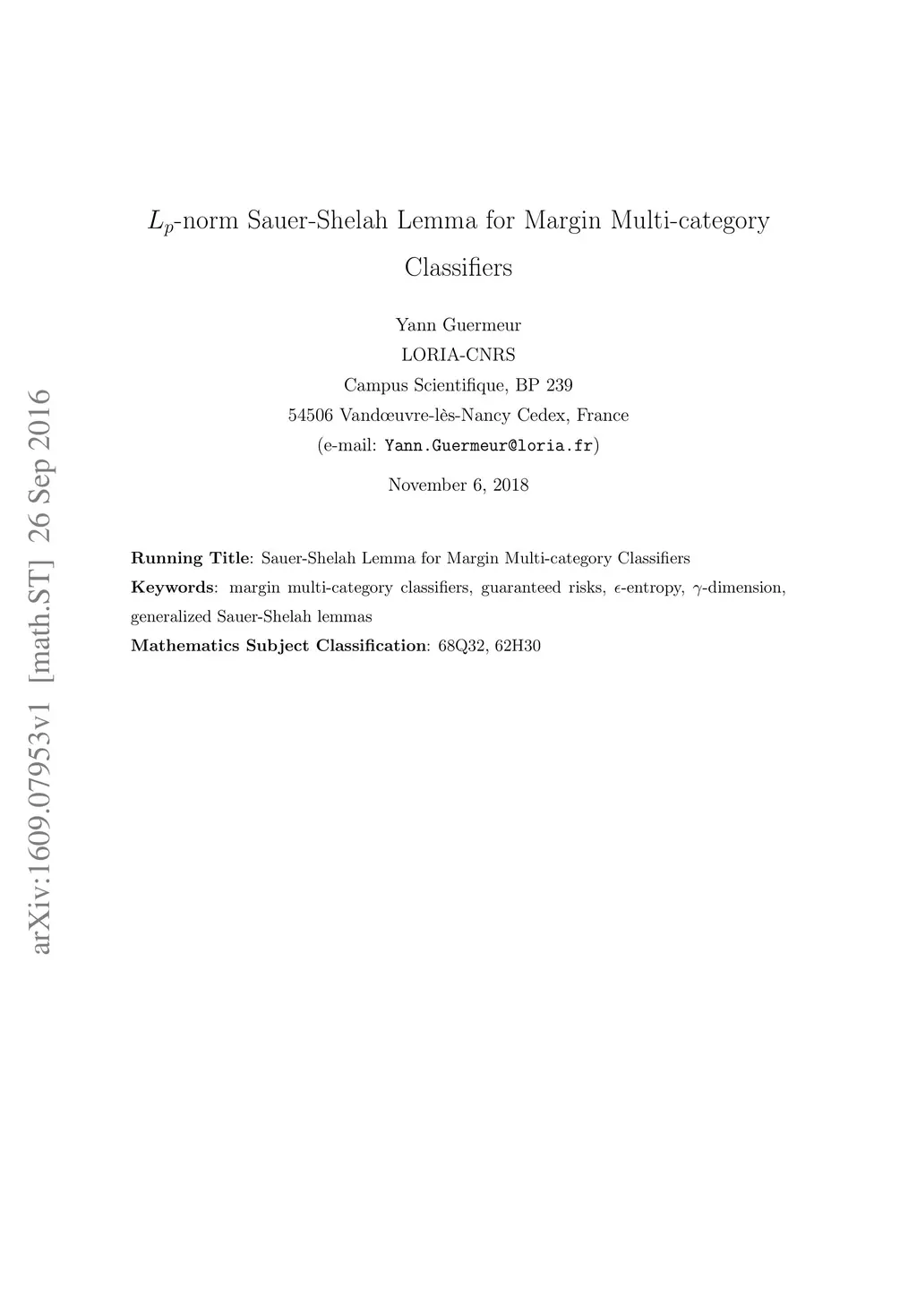 In the framework of agnostic learning, one of the main open problems of the theory of multi-category pattern classification is the characterization of the way the complexity varies with the number C of categories. More precisely, if the classifier is characterized only through minimal learnability hypotheses, then the optimal dependency on C that an upper bound on the probability of error should exhibit is unknown. We consider margin classifiers. They are based on classes of vector-valued functions with one component function per category, and the classes of component functions are uniform Glivenko-Cantelli classes. For these classifiers, an L p-norm Sauer-Shelah lemma is established. It is then used to derive guaranteed risks in the L and L 2-norms. These bounds improve over the state-of-the-art ones with respect to their dependency on C, which is sublinear.
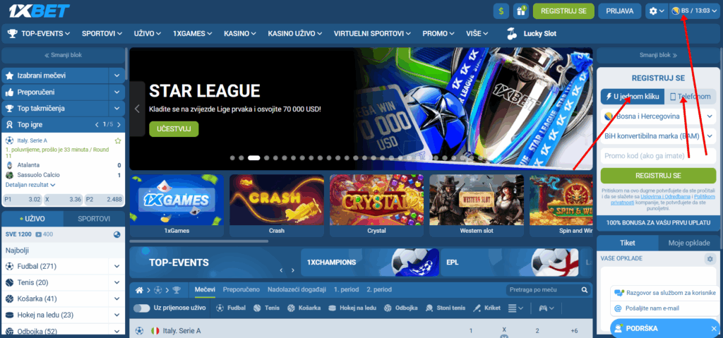 Registracija na online kladionici 1xBet je jedna od najednostavnijih što se tiče online kladionica.
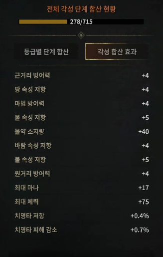 코스튬도 같이 각성을 시켰는데 합산 효과를 보니깐 뭔가 차이가 많이납니다. 가디언은 토탈 275단계 각성했지만 코스튬은 55단계 각성이라 각성 단계가 월등하게 많이 차이나지만 100단계만 각성해도 합상 효과는 코스튬이 더 좋을 것 같네요.

What the task asks
With pictures excluded, the data must be transcribed in full and to the letter.

Answer box
 In the framework of agnostic learning, one of the main open problems of the theory of multi-category pattern classification is the characterization of the way the complexity varies with the number C of categories. More precisely, if the classifier is characterized only through minimal learnability hypotheses, then the optimal dependency on C that an upper bound on the probability of error should exhibit is unknown. We consider margin classifiers. They are based on classes of vector-valued functions with one component function per category, and the classes of component functions are uniform Glivenko-Cantelli classes. For these classifiers, an L p-norm Sauer-Shelah lemma is established. It is then used to derive guaranteed risks in the L and L 2-norms. These bounds improve over the state-of-the-art ones with respect to their dependency on C, which is sublinear.
 Registracija na online kladionici 1xBet je jedna od najednostavnijih što se tiče online kladionica.
 코스튬도 같이 각성을 시켰는데 합산 효과를 보니깐 뭔가 차이가 많이납니다. 가디언은 토탈 275단계 각성했지만 코스튬은 55단계 각성이라 각성 단계가 월등하게 많이 차이나지만 100단계만 각성해도 합상 효과는 코스튬이 더 좋을 것 같네요.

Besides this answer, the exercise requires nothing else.